Ma i radiotelescopi terrestri non erano progettati per cercare segnali alieni. Era necessario sviluppare strategie e tecniche di ascolto sempre più raffinate. Dove puntare le antenne? E a quale frequenza sintonizzarle? All’inizio si scelse di puntare verso le stelle simili al Sole della nostra galassia e di cercare segnali alla frequenza tipica dell’elemento più diffuso nel cosmo, l’idrogeno, a 1,420 MHertz. Oggi si puntano gli strumenti verso regioni sempre più lontane e l’intervallo di frequenza si è notevolmente allargato.

Uno dei radiotelescopi più grandi e più usati è quello di Arecibo (Puerto Rico) che ospita dal 1979 Serendip, cioè Search for Extraterrestrial Radio Emissions from Nearby Developed Intelligent Populations. E’ il programma dell’Università di Berkeley che ora, con Serendip IV, può analizzare 168 milioni di canali al secondo in una banda di frequenze larga 100 MHertz. I finanziamenti provengono dall’associazione Amici di Serendip di cui fanno parte personaggi come Artur C. Clarke, Frank Drake e lo scomparso Carl Sagan.

In Australia lo stesso Frank Drake è presidente di un centro Seti che dal 1995 ha un proprio radiotelescopio, il Macarthur. Tra le montagne della California c’è invece il Seti Institute con il progetto Phoenix che ha iniziato l’ascolto nel febbraio del 1995 con il radiotelescopio Parkes in Australia e che ora utilizza uno strumento nel West Virginia (Usa). Anche l’Università di Harvard è della partita con Beta (Billion channel Extraterrestrial Assay), una radioantenna nel Massachusetts. Il progetto è figlio di Meta e nipote di Sentinel, due antenne che negli anni Ottanta hanno scrutato il cielo in tutto l’emisfero nord, ed è particolarmente efficiente nel controllo rapido dei segnali candidati per escludere o avvalorare qualsiasi possibilità.

Esiste poi una rete di 10 antenne sparse in tutto il mondo, il Very Large Baseline Interferometry (Vlbi) che ha permesso di migliorare le prestazioni dei singoli strumenti. Infatti, maggiore è il diametro del radiotelescopio migliore è la sua capacità di distinguere un segnale. E’ possibile unire l’informazione di due antenne come se si disponesse di un unico strumento del diametro pari alla loro distanza.

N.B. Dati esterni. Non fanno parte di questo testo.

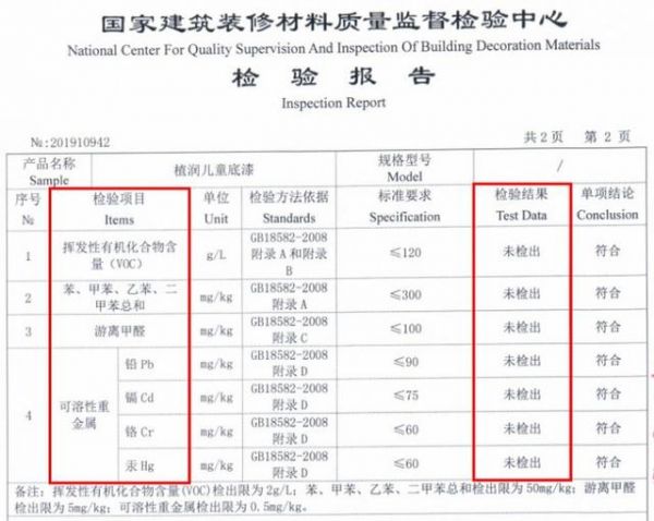 据了解晨阳水漆的儿童漆产品——植润儿童水漆在国家建筑装修材料质量监督检验中心提供的检测报告中各项有害物质(VOC、苯类物质、游离甲醛、重金属等)的检验结果为未检出,完全优于儿童漆标准。

Di questa rete fa parte anche l’Italia, e l’Istituto di Radio Astronomia di Bologna, diretto da Stelio Montebugnoli, parteciperà dalla fine di quest’anno al progetto Seti con le due parabole del Vlbi che si trovano a Bologna e a Noto (Siracusa). Inoltre un recente accordo con l’Università di Berkeley porterà nel nostro paese uno strumento dalla tecnologia avanzata simile a Serendip IV.